Видел их в час молитвы, когда садилось солнце и степь начинала краснеть, струилась, стекленела. В зеленом небе горы стояли алые. Путник, расстелив у обочины молитвенный коврик, совершал вечерний намаз. В его молитве, в его закрытых глазах, в обращенных к богу воздыханиях была истовость, глубина. И казалось, что его молитвой сберегается зеленое небо, далекие горы, хлебные нивы, сады.
За стеной слышались солдатские голоса.
— Да его пристрелить было мало, не то что морду набить! Мне вон ротный судом грозит, а мне не страшно! Я в пустыню ходил. Мне после пустыни никакие суды не страшны! — говорил один, хрипловатый и яростный, звучно сплевывая.
— Пусть в пустыню сходят, караван забьют, а тогда и судят. А пока не сходили, неизвестно, кто кого судить должен! — отвечал второй, насмешливый, умолкая на время коротких сигаретных затяжек.
— Эти, которых из Ленинграда, из Москвы набирают, самые поганые, бессовестные! И дураки! Их первыми пуля находит. Не могут выжить в пустыне! Их пустыня не принимает. Я сразу вижу, кого когда кокнет. У них на лицах написано.
— Это точно.
— Уж это точно! Москвичи — лопухи. Ленивые. И терпеть не умеют.
Батурин рассеянно слушал. Оба солдата были десантники, что уходят в засаду в пустыню на истребление караванов с оружием. Быть может, оба полетят сейчас вместе с ним на захват «языков». Их ирония, ожесточение — солдатское понимание жизни все той же мудростью, приобретаемой в крови и слезах.
— Я ему говорю: ты флягу взял, она у тебя одна на сутки! Береги! Терпи! Не пей! Днем пить впустую Выпил, и вся вода из подмышек вышла. Ты ночи, дурень, дождись, тогда и пей!.. Нет, не слушает! Веда флягу высосет и сидит мокрый, как мышь, глаза пучит!.. Зло берет! Думаешь, зарыл бы тебя, гада, в песок!.. Москвичи, они самые дикие, честно!
— Это уж точно! Да и ленинградцы такие же!
Зеленый изразец на столе мерцал, лучился, и казалось, глазурованная глина из купола старой мечети и есть источник света, озаряющий комнату. Батурин смотрел на изумрудное свечение глины, слушал голоса за стеной.
Его основная работа в воюющей части требовала всех сил и энергии. Приучила к бессоннице, к постоянной готовности по первому знаку, приказу мчаться на вертолете, бетеэре, штабной машине, ночью и днем, в пекло и холод. Допросы пленных, тайные встречи с агентами, работа на фильтропунктах, куда из окруженных мятежных кишлаков перед началом удара выкликалось, вызывалось по мегафонам мирное население. Уходили женщины, дети, старики с кулями, с поклажей, скотиной.
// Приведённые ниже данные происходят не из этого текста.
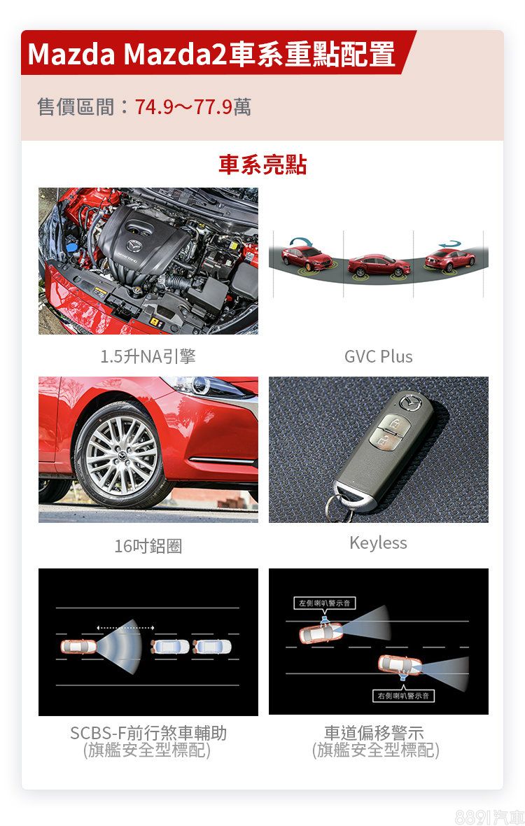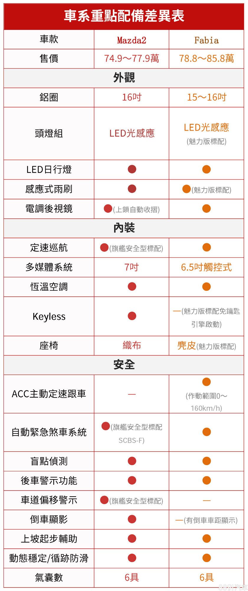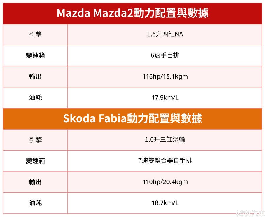 Mazda2和Fabia同樣採單一動力2車型選擇,且價格帶十分相近,兩車入手價格都壓在80萬內,且小改款工程重點之一都放在主動安全強化,算是晉身「進口一族」的試金石,質感和安全亦能兼顧。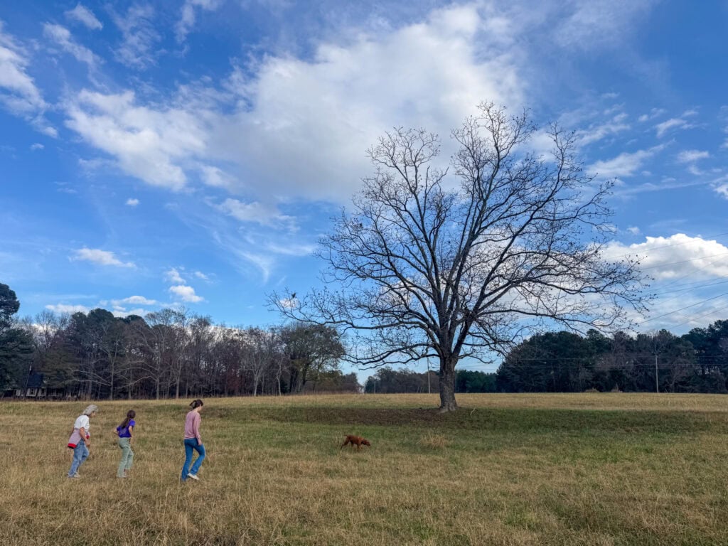 The girls and I headed down to Georgia on Monday and met mom at her property. When my Nannie passed away last year her cozy home and acreage in rural Georgia was split between mom and her siblings. While they sold the house (to a really nice couple which eased the ache of realizing it’s no longer Nannie and Pawpaw’s farm), mom is holding onto her 35+ acres of beautiful meadow, woods, and creek that also holds the family pecan tree, from which Nannie gifted us shelled, frozen pecans from each year. We walked the property, chatted with my uncle (who lives adjacent), and picked up pecans. It was really nice to have a little of our traditional Thanksgiving feel in a year in which we are starting a new tradition.

И он, тоскуя, сострадая и мучаясь, направлял кого к врачу, кого к повару, кого в тень брезентовых тентов, и уже начинала грохотать артиллерия, клубились в кишлаке разрывы, и в ответ из-за дувалов стучали крупнокалиберные пулеметы душманов. Он был в постоянных трудах, черновых, не оставлявших минуты для созерцания, любования, осторожного, бережного постижения. Но все же сквозь скрежеты и вопли войны стремился понять жизнь народа — для другого, почти невозможного мирного времени, после окончания насилий и боев.